To be honest, I know that word so very well.  I have lived in fear as long as I can remember.

Fear of dying when my best friend was killed in a car crash when we were 16.

Fear of not being good enough because as hard as I tried to fit in with groups of friends, or when I didn’t wear the “right brand” or when I chose not to do what others were doing.

Fear of being in my own head.  Sometimes my thoughts have been very dark and scary.

Fear of bad health.  I feared being overweight because that was something I knew all too well growing up.  My family was overweight, so I felt destined to be, too.

I feared for my own life when I was 25 in college and a lump was found at my yearly exam. My body went numb and I couldn’t move a thing… I even passed out.  So many appointments.   Finally, after following it for two years, it was classified normal.

I feared becoming diabetic after my gestational diabetes with my first son and had acquired so many health complications even after his birth that made me feel like death.  I lost a lot of blood that led to severe anemia that later got resolved by a blood transfusion.

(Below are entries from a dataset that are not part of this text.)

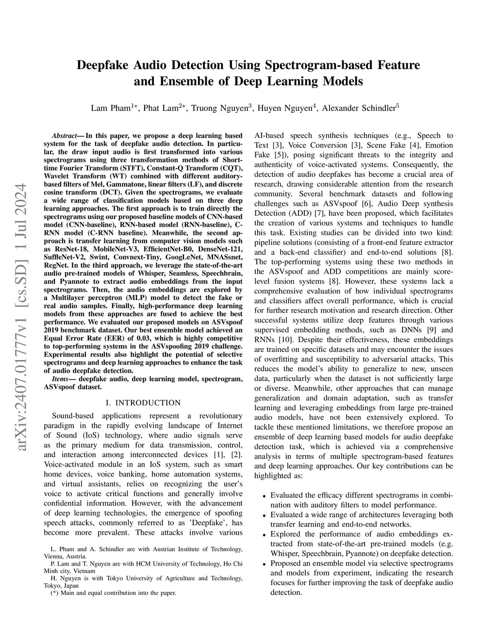 In this paper, we propose a deep learning based system for the task of deepfake audio detection. In particular, the draw input audio is first transformed into various spectrograms using three transformation methods of Short-time Fourier Transform (STFT), Constant-Q Transform (CQT), Wavelet Transform (WT) combined with different auditory-based filters of Mel, Gammatone, linear filters (LF), and discrete cosine transform (DCT). Given the spectrograms, we evaluate a wide range of classification models based on three deep learning approaches. The first approach is to train directly the spectrograms using our proposed baseline models of CNN-based model (CNN-baseline), RNN-based model (RNN-baseline), C-RNN model (C-RNN baseline). Meanwhile, the second approach is transfer learning from computer vision models such as ResNet-18, MobileNet-V3, EfficientNet-B0, DenseNet-121, SuffleNet-V2, Swint, Convnext-Tiny, GoogLeNet, MNASsnet, RegNet. In the third approach, we leverage the state-of-the-art audio pre-trained models of Whisper, Seamless, Speechbrain, and Pyannote to extract audio embeddings from the input spectrograms. Then, the audio embeddings are explored by a Multilayer perceptron (MLP) model to detect the fake or real audio samples. Finally, high-performance deep learning models from these approaches are fused to achieve the best performance. We evaluated our proposed models on ASVspoof 2019 benchmark dataset. Our best ensemble model achieved an Equal Error Rate (EER) of 0.03, which is highly competitive to top-performing systems in the ASVspoofing 2019 challenge. Experimental results also highlight the potential of selective spectrograms and deep learning approaches to enhance the task of audio deepfake detection.
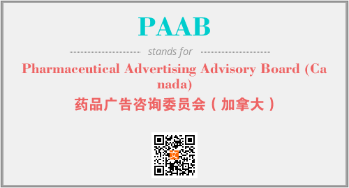 上述内容是“Pharmaceutical Advertising Advisory Board (Canada)”作为“PAAB”的缩写,解释为“药品广告咨询委员会(加拿大)”时的信息,以及英文缩略词PAAB所代表的英文单词,其对应的中文拼音、详细解释以及在英文中的流行度和相关分类、应用领域及应用示例等。
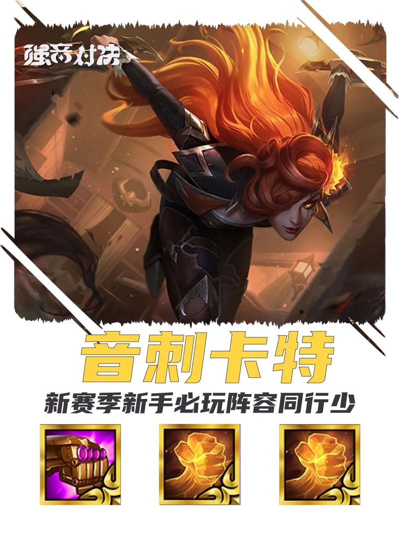阵容组成 金铲铲S10音浪刺客阵容主要由以下英雄组成:天选寡妇、卡特、永恩、劫、奇亚娜(组成6音浪刺客),妮蔻、莉莉娅(组成3K/DA),以及凯南(补出2护卫、2真伤),同时形成3超级粉丝阵容。这套阵容集输出、防御和控制于一体,攻防兼备。

I feared I was going crazy when I fell into deep anxiety and depression after my second son was born.  I had that feeling that the whole world was crashing down to the whole point I felt nothing.  No emotion. No feelings.

But what if you defied these odds that are against you and you turned it around to create a story that was more based on being FEARLESS?

Over time, I have taken these fears and used them to overcome and conquer these fears to create a more meaningful story of courage and bravery.

I have taken control over my health which has been the greatest blessing in my life.  I have learned to overcome that fear and feel absolutely amazing about myself physically.  It’s taken consistency every day for the last two years since my second son was born but I have defied these odds!  I recently ran my first half marathon and currently training for my first marathon later this year.

I have sought help to help me overcome the emptiness of depression and am coming out of stronger than I have ever been.

Every day is a new day to know your worth and your worth in God’s eyes is sufficient.  With each new day, I realize that I am ENOUGH.

You ARE enough.  Even as adults, we might still be trying to fit in in all the noise of motherhood, business, or who you are as an individual but know that no matter what you are brighter than glitter.

I’ve taken chances to start my own business in photography, health and fitness, and recently Bei: Be Beautiful with a mission to empower women that they are beautiful no matter what their story may be.

To me this is the definition of being a #fearlessfemale.  Taking your fears and turning them into strengths.  Taking that old story and turning it into something meaningful and beautiful that can help serve others.  Leading your family by example.  No matter what you’re going through, be fearless and remember you got this!